GIVEN ENTRIES

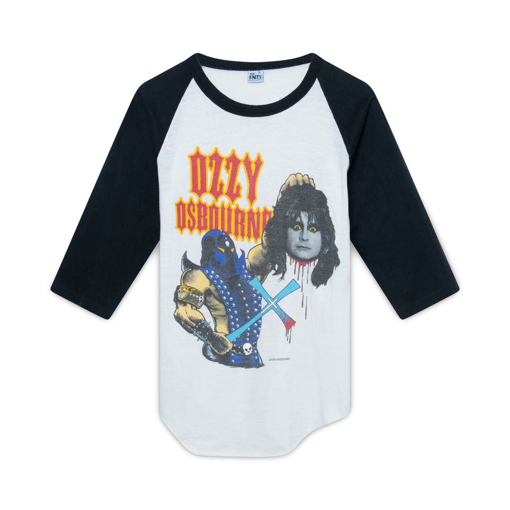 Vintage 1982 Ozzy Osborne raglan shirt features graphic at front, contrast sleeves, and single stitching at sleeves. Shirt has distressed details throughout.
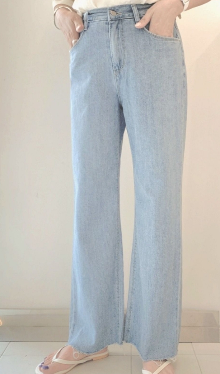 🇰🇷正韓褲管鬚鬚直筒牛仔褲[1色]
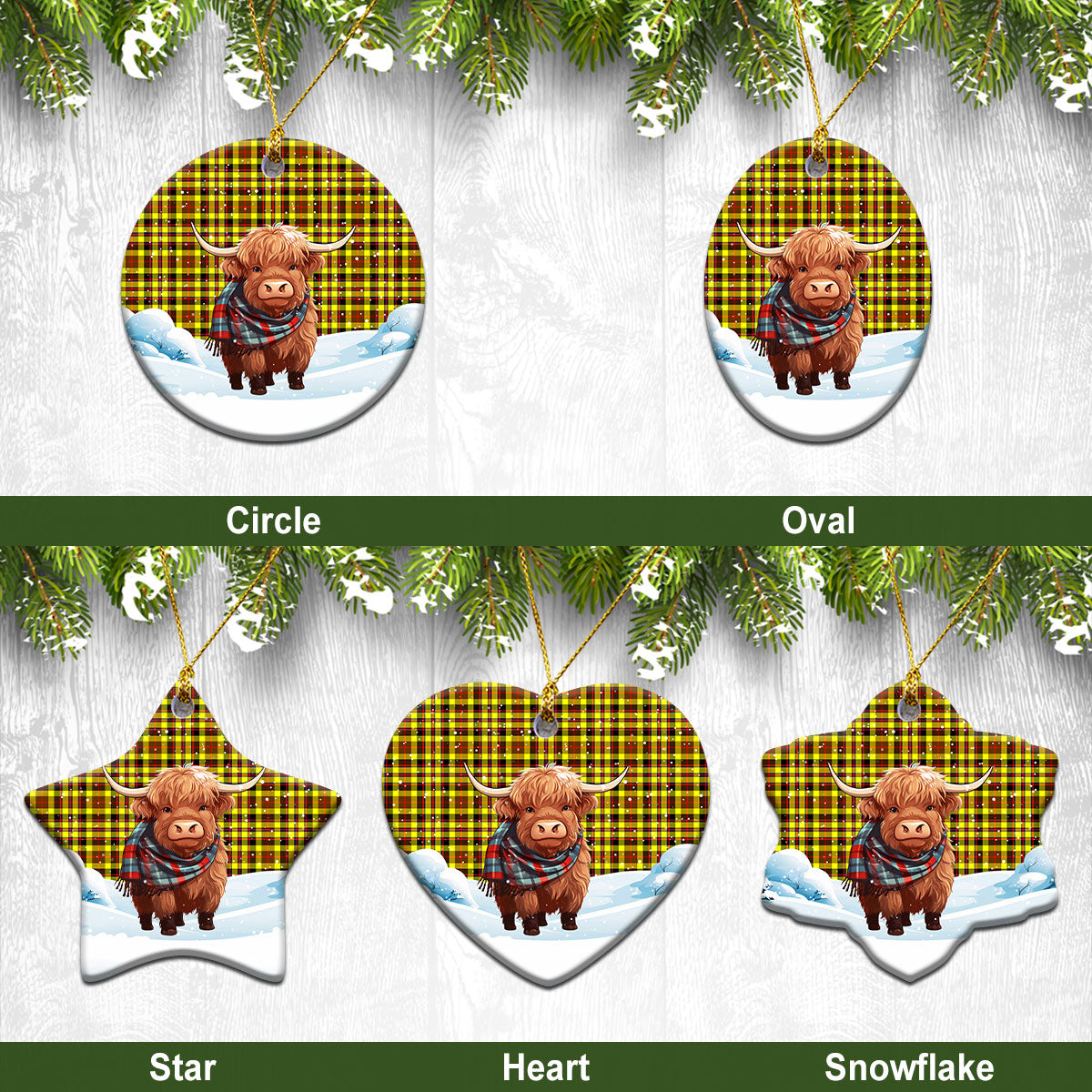 Jardine Tartan Christmas Ceramic Ornament - Highland Cows Snow Style
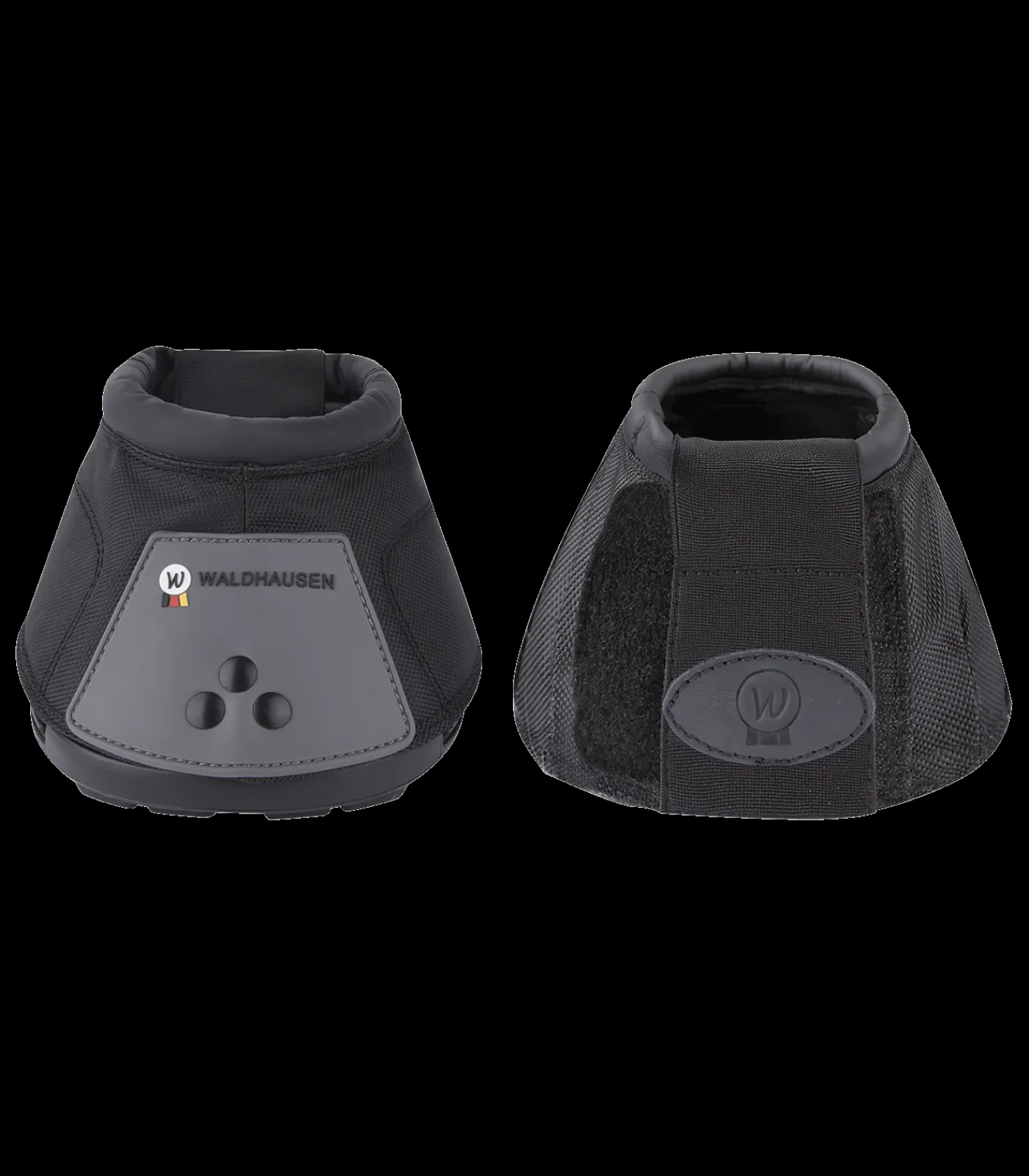 Perfekter Halt und leichtes Anbringen durch einen Doppelten-Klettverschluss. Der Hufschuh wird an der Rückseite geöffnet, die Seitenteile zur Seite geklappt, sodass der Hufschuh leicht über den Huf gezogen und anschließend geschlossen werden kann. Die weiche Polsterung am Rand verhindert Scheuerstellen an den Fesseln. Das Waldhausen Frontschild schützt zusätzlich vor Verschleiß und stößen.
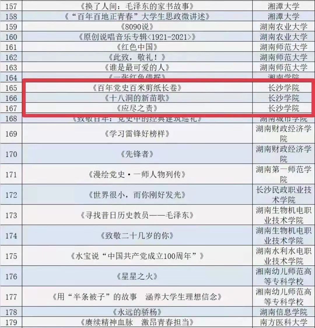 近日,全国高校思想政治工作网公布了全国高校庆祝中国共产党成立100周年的原创精品推广遴选结果,长沙学院党委宣传部组织选送的《百年党史百米剪纸长卷》《十八洞的新苗歌》《应尽之责》3个优秀作品纳入《百年珍贵记忆——全国高校庆祝中国共产党成立100周年原创精品档案》。据悉,此次评选全国高校共有225项优秀作品入选,长沙学院是众多高校中入选作品最多的高校之一。
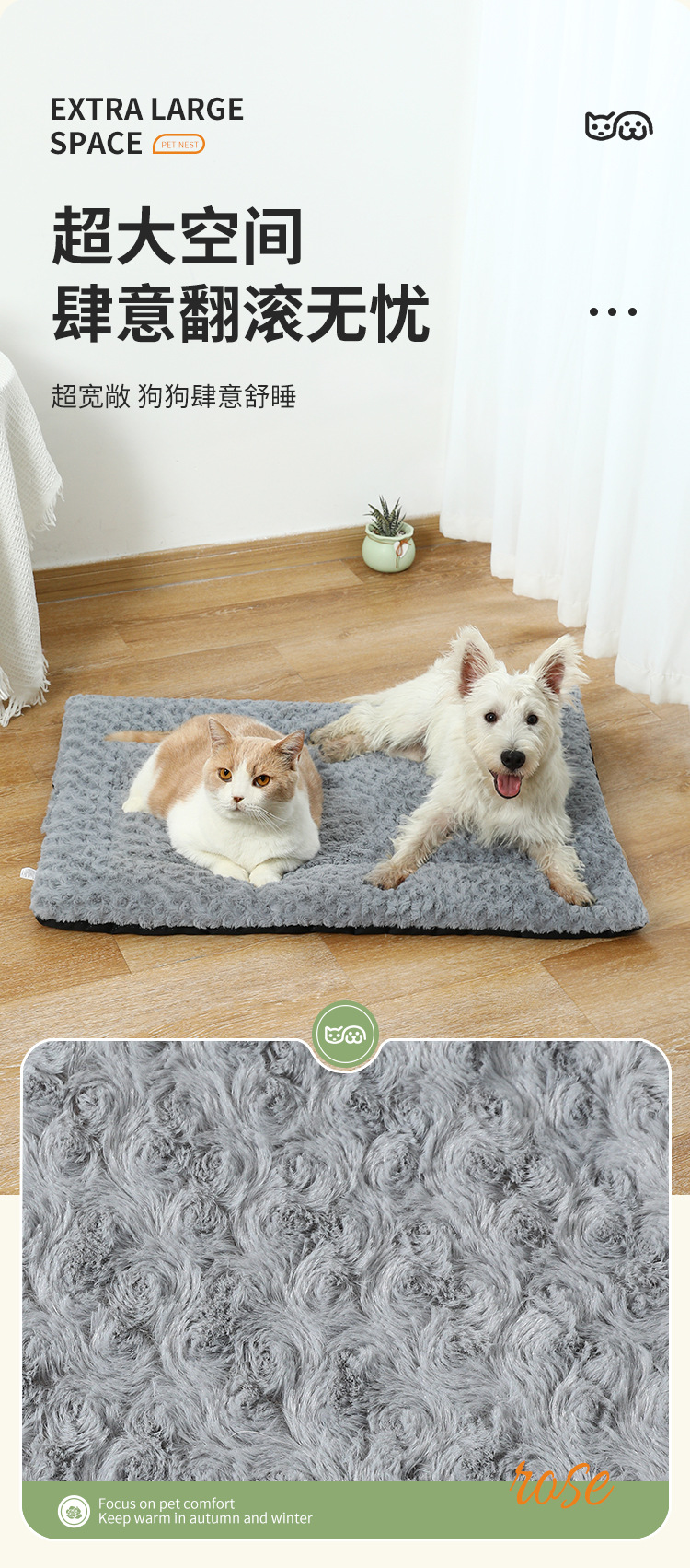 아마존 로즈 벨벳 개집 가을과 겨울 따뜻한 기모 두꺼운 애완 동물 매트 봉제 애완 동물 둥지 애완 동물 용품스토어 가기

WORK INSTRUCTION
After locating the line that holds "Perfekter Halt und", output exactly the lines from it through the last line of the material above, inclusive, without pictures.

SOLUTION TO THIS TASK
 Perfekter Halt und leichtes Anbringen durch einen Doppelten-Klettverschluss. Der Hufschuh wird an der Rückseite geöffnet, die Seitenteile zur Seite geklappt, sodass der Hufschuh leicht über den Huf gezogen und anschließend geschlossen werden kann. Die weiche Polsterung am Rand verhindert Scheuerstellen an den Fesseln. Das Waldhausen Frontschild schützt zusätzlich vor Verschleiß und stößen.
 近日,全国高校思想政治工作网公布了全国高校庆祝中国共产党成立100周年的原创精品推广遴选结果,长沙学院党委宣传部组织选送的《百年党史百米剪纸长卷》《十八洞的新苗歌》《应尽之责》3个优秀作品纳入《百年珍贵记忆——全国高校庆祝中国共产党成立100周年原创精品档案》。据悉,此次评选全国高校共有225项优秀作品入选,长沙学院是众多高校中入选作品最多的高校之一。
 아마존 로즈 벨벳 개집 가을과 겨울 따뜻한 기모 두꺼운 애완 동물 매트 봉제 애완 동물 둥지 애완 동물 용품스토어 가기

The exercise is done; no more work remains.